= Beginning of Section =
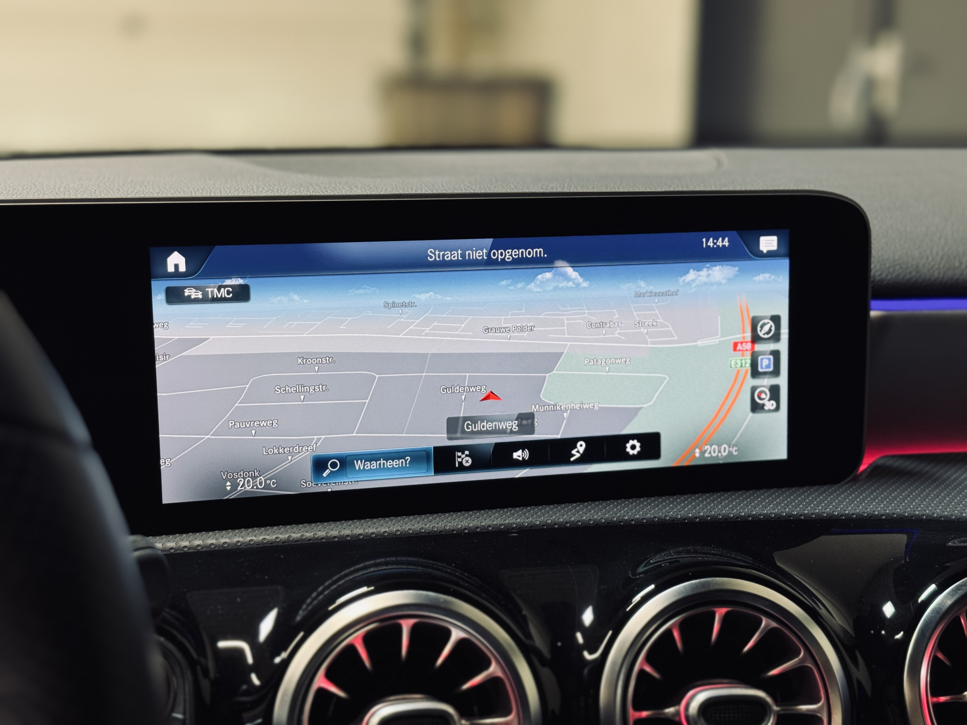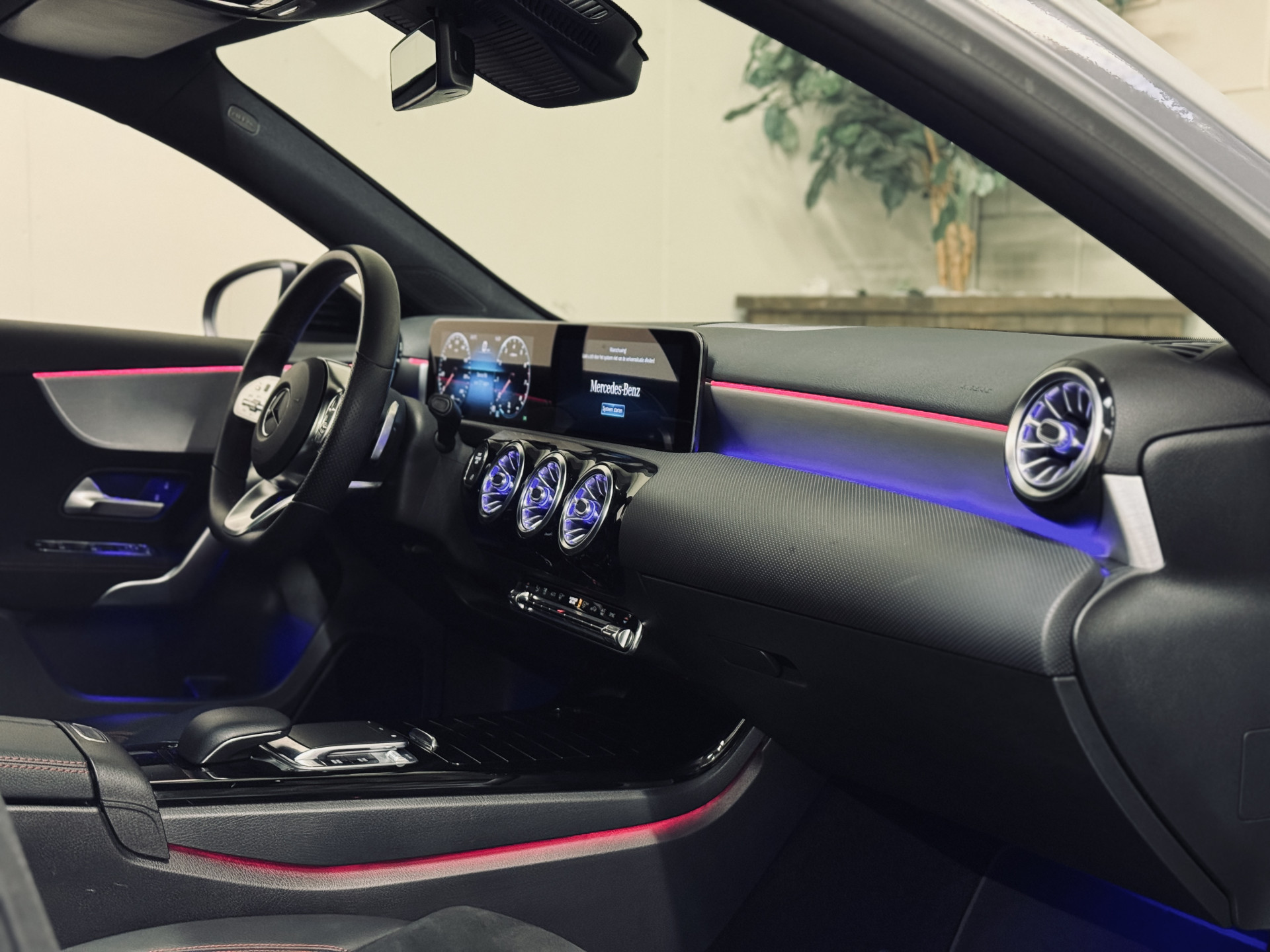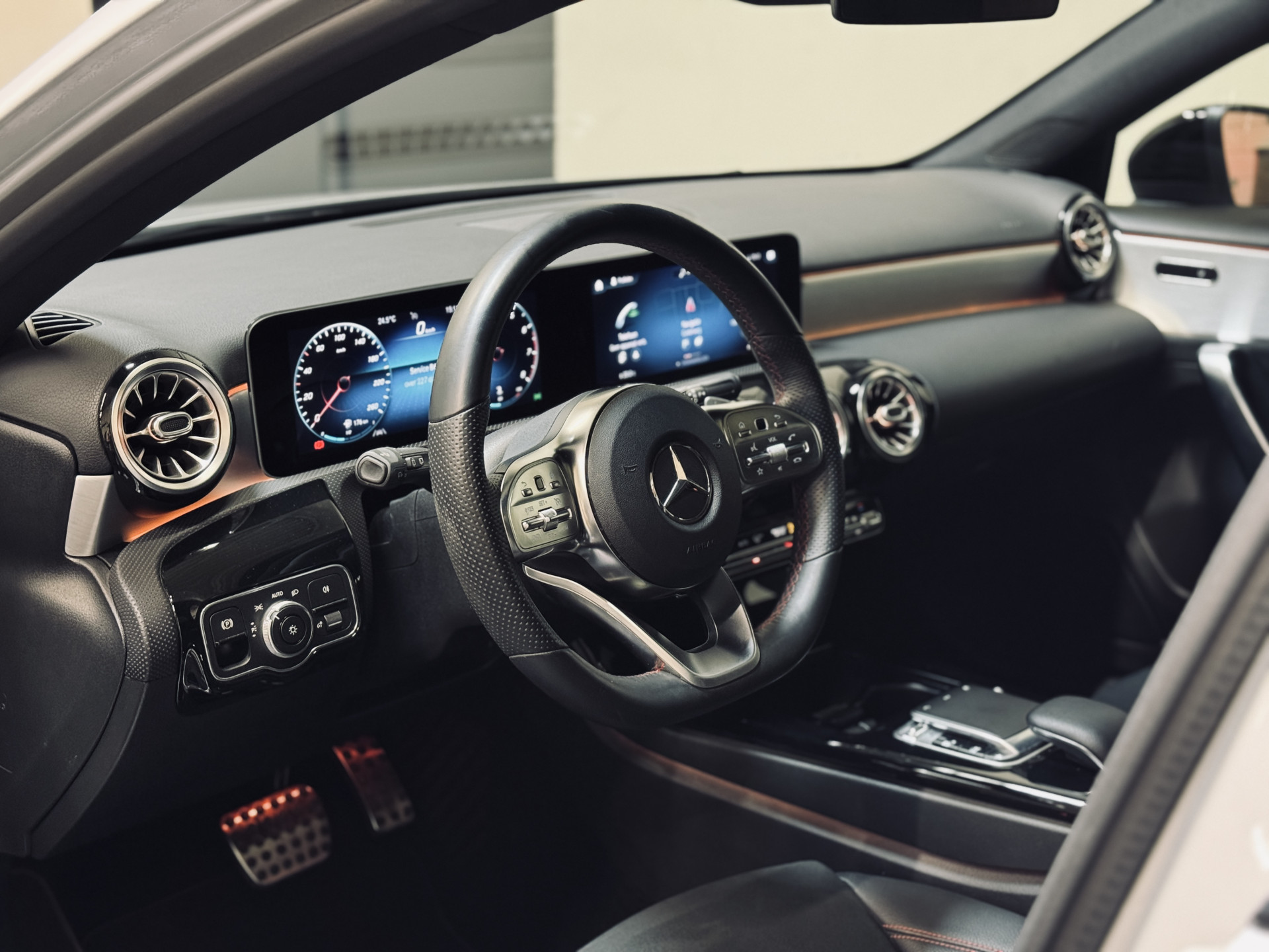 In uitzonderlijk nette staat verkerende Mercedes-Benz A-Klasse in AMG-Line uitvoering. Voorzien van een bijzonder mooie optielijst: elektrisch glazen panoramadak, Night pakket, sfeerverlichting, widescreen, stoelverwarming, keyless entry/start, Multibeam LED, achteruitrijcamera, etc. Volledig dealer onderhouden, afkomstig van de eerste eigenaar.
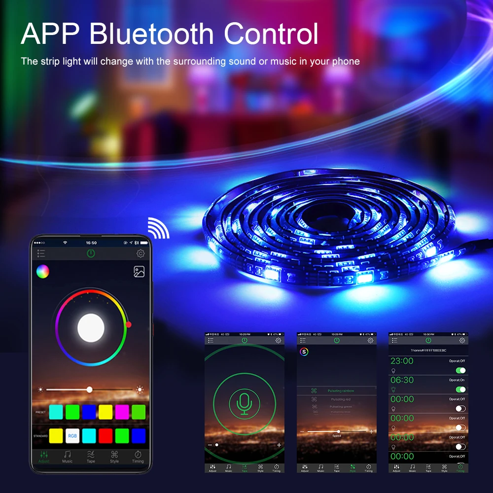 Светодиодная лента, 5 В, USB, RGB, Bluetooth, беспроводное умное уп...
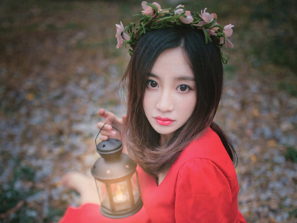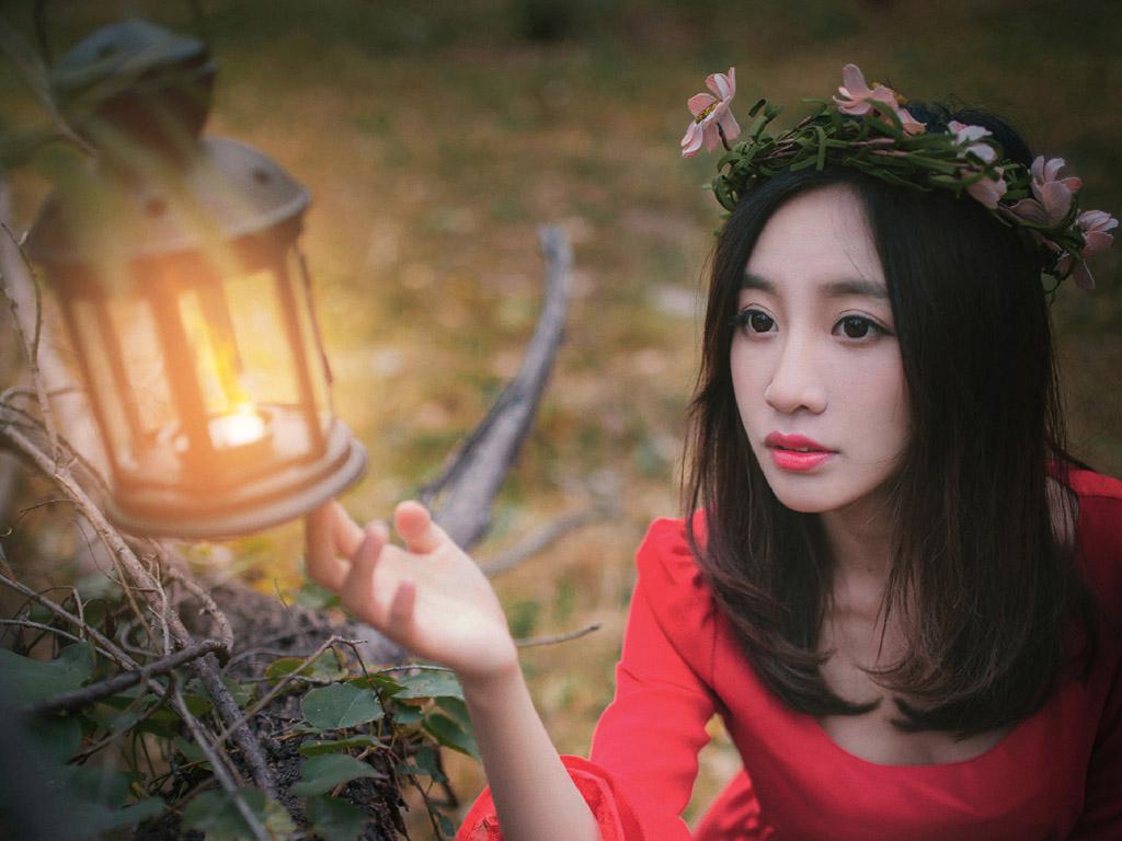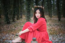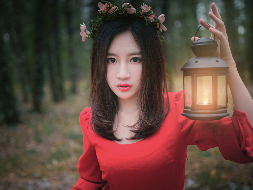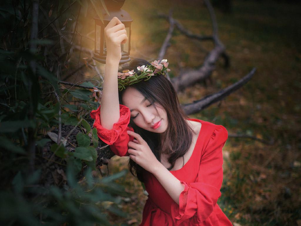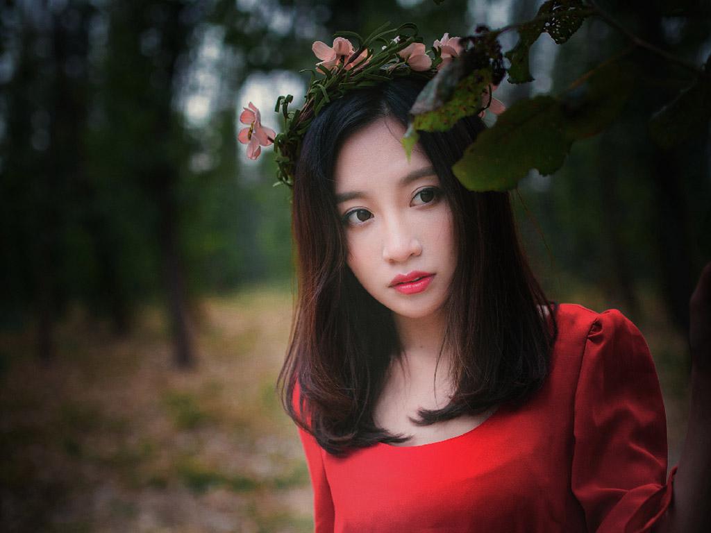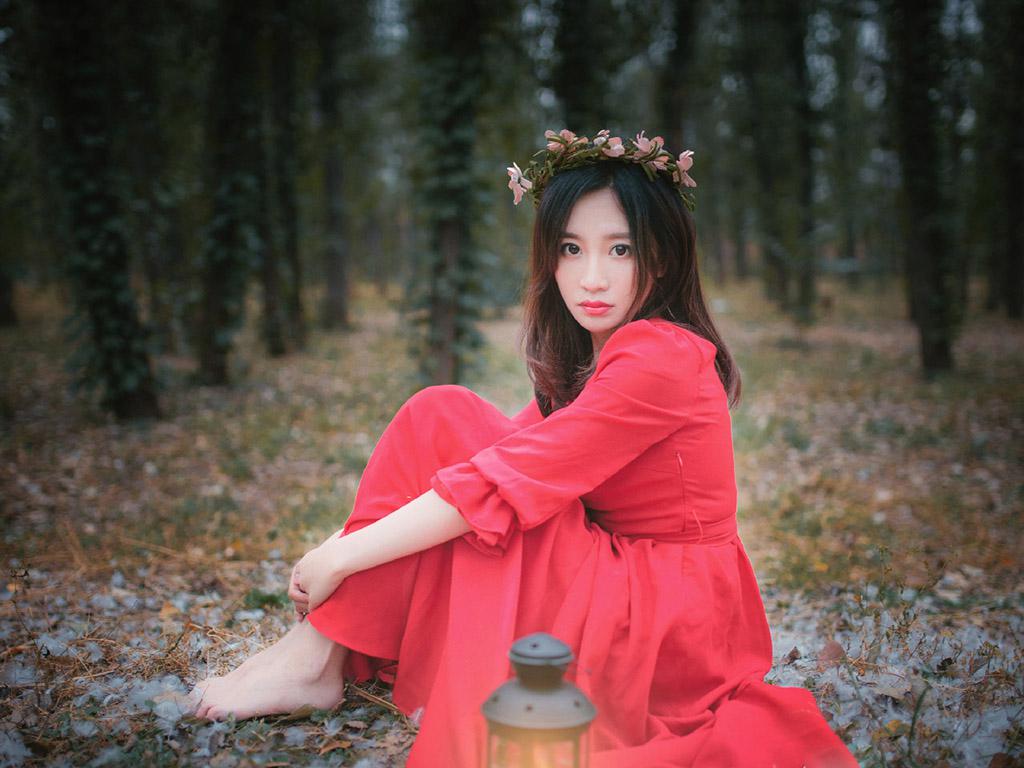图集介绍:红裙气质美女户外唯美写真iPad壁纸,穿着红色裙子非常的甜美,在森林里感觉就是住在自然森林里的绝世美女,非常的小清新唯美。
= End of Section =
** THE TASK **
All lines from the one containing "Светодиодная лента, 5" through the end of the data are to be written out exactly, with nothing added; skip the pictures.

** FINISHED TASK **
 Светодиодная лента, 5 В, USB, RGB, Bluetooth, беспроводное умное уп...
图集介绍:红裙气质美女户外唯美写真iPad壁纸,穿着红色裙子非常的甜美,在森林里感觉就是住在自然森林里的绝世美女,非常的小清新唯美。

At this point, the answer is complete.